By default, descriptive statistics was generated by the function decrib(), it returns the descriptive statistics table of the input data.
decrib(packagesample)
By identifying the outcome variable and when the outcome variable is continuous, descriptive statistics was generated by the function decrib(), it returns the descriptive statistics table of the input data without grouping based on the outcome variable.
decrib(packagesample, packagesample$TotChol)
By identifying the outcome variable and specifying altervative as overall and when the outcome variable is continuous, descriptive statistics was generated by the function decrib(), it returns the descriptive statistics table of the input data without grouping based on the outcome variable.
decrib(packagesample, packagesample$TotChol, alternative = "overall")
By identifying the outcome variable and when the outcome variable is categorical, descriptive statistics was generated by the function decrib(), it returns the descriptive statistics table of the input data of the total observations and grouping based on the categorical outcome variable.
decrib(packagesample, packagesample$Diabetes)

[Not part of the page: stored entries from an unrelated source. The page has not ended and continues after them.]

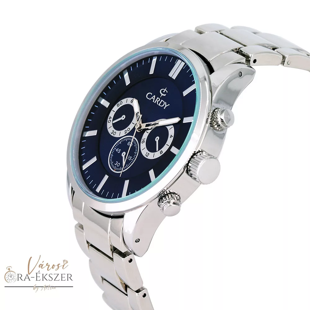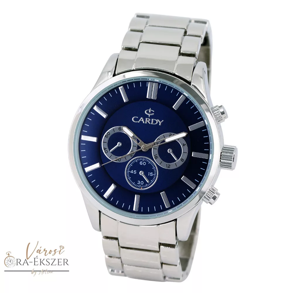 Cardy férfi karóra, quartz, ezüst színű fémtok, ezüst színű fém karcsat, kék színű számlap, cseppmentes vízállóság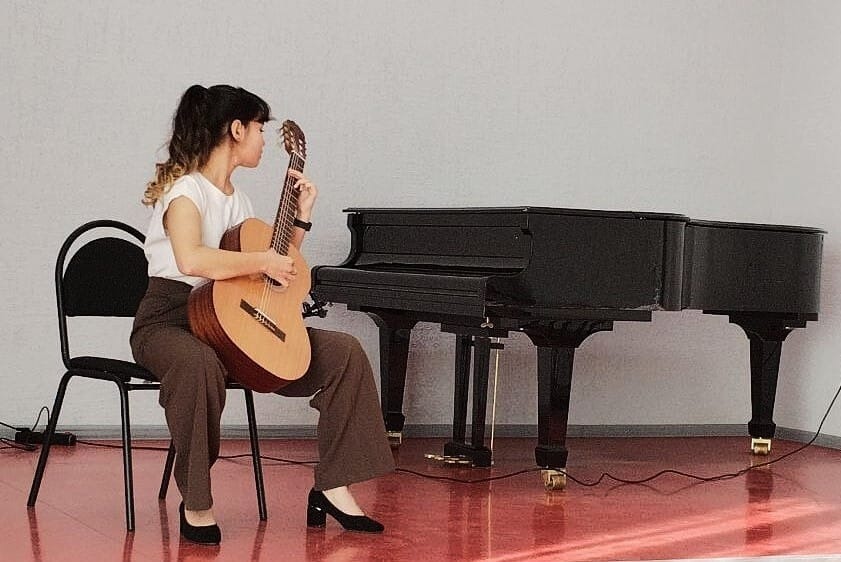 В Хакасском колледже искусств преподаватель Екатерина Валерьевна Шумкова совместно со студентами подготовила концерт – показ игры на гитаре.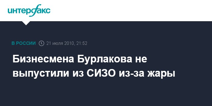 Москва. 21 июля. ИНТЕРФАКС - Аномальная жара помешала выйти из СИЗО бывшему вице-президенту "Финансовой лизинговой компании" Андрею Бурлакову, 50 млн руб. залога за освобождение которого семья внесла накануне, сказал адвокат Бурлакова Александр Забейда "Интерфаксу" в среду.
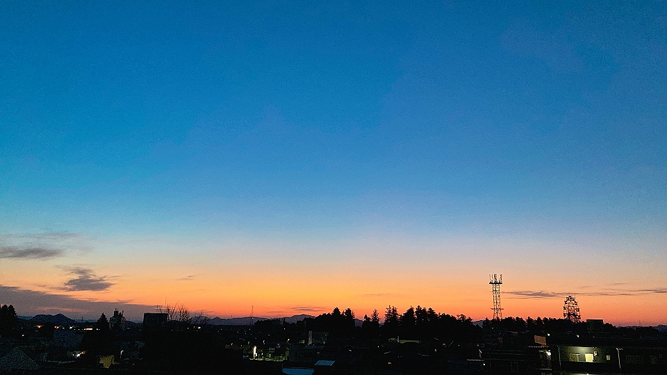 週に何度かすることだが、今日も夜の明けるころに屋上へ上がる。南東の空はいつもながら美しい。そしてきびすを返すと驚いたことに、それがそこにあるとは予想もしなかった朝の月が、西の空に大きく浮かんでいた。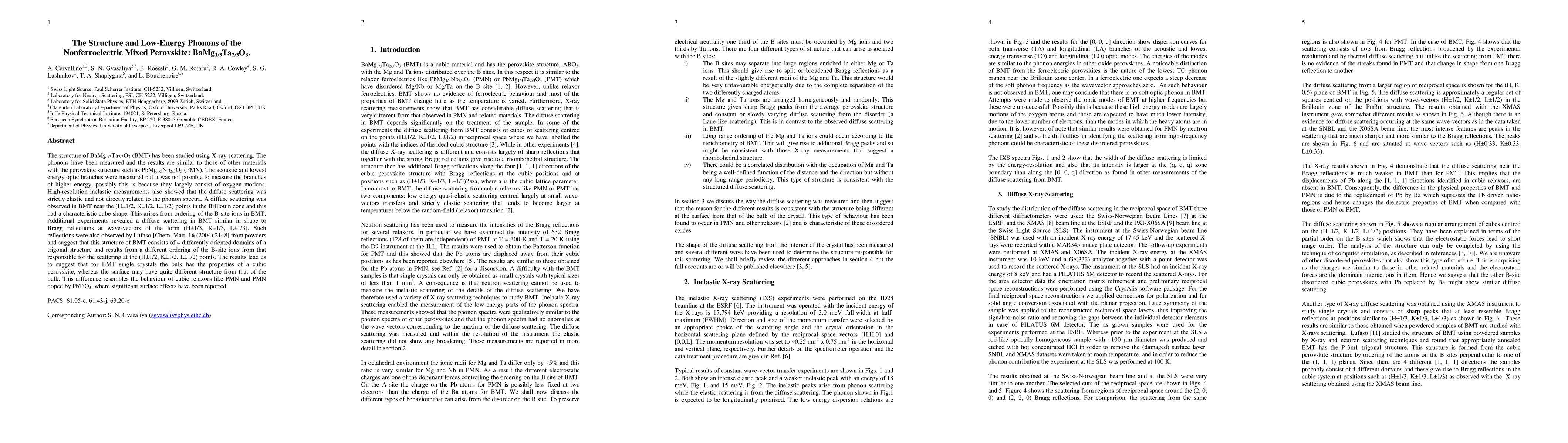 The structure of BaMg1/3Ta2/3O3 (BMT) has been studied using X-ray scattering. The phonons have been measured and the results are similar to those of other materials with the perovskite structure such as PbMg1/3Nb2/3O3 (PMN). The acoustic and lowest energy optic branches were measured but it was not possible to measure the branches of higher energy, possibly this is because they largely consist of oxygen motions. High-resolution inelastic measurements also showed that the diffuse scattering was strictly elastic and not directly related to the phonon spectra. A diffuse scattering was observed in BMT near the (H\pm1/2, K\pm1/2, L\pm1/2) points in the Brillouin zone and this had a characteristic cube shape. This arises from ordering of the B-site ions in BMT. Additional experiments revealed a diffuse scattering in BMT similar in shape to Bragg reflections at wave-vectors of the form (H\pm1/3, K\pm1/3, L\pm1/3). Such reflections were also observed by Lufaso [Chem. Matt. 16 (2004) 2148] from powders and suggest that this structure of BMT consists of 4 differently oriented domains of a trigonal structure and results from a different ordering of the B-site ions from that responsible for the scattering at the (H\pm1/2, K\pm1/2, L\pm1/2) points. The results lead us to suggest that for BMT single crystals the bulk has the properties of a cubic perovskite, whereas the surface may have quite different structure from that of the bulk. This difference resembles the behaviour of cubic relaxors like PMN and PMN doped by PbTiO3, where significant surface effects have been reported.

By identifying the outcome variable and specifying alternative as total when the outcome variable is categorical, descriptive statistics was generated by the function decrib(), it returns the descriptive statistics table of the input data of the total observations and without grouping based on the categorical outcome variable.
decrib(packagesample, packagesample$Diabetes, alternative = "total")
By identifying the outcome variable and specifying alternative as total when the outcome variable is categorical, descriptive statistics was generated by the function decrib(), it returns the descriptive statistics table of the input data by grouping based on the categorical outcome variable with the total observations.
decrib(packagesample, packagesample$Diabetes, alternative = "bygroup")
For univariate analysis, a summary table is provided based on the different type of dependent variable Y. The function will locate the variable and automatically do the analysis between each variable and dependent variables Y.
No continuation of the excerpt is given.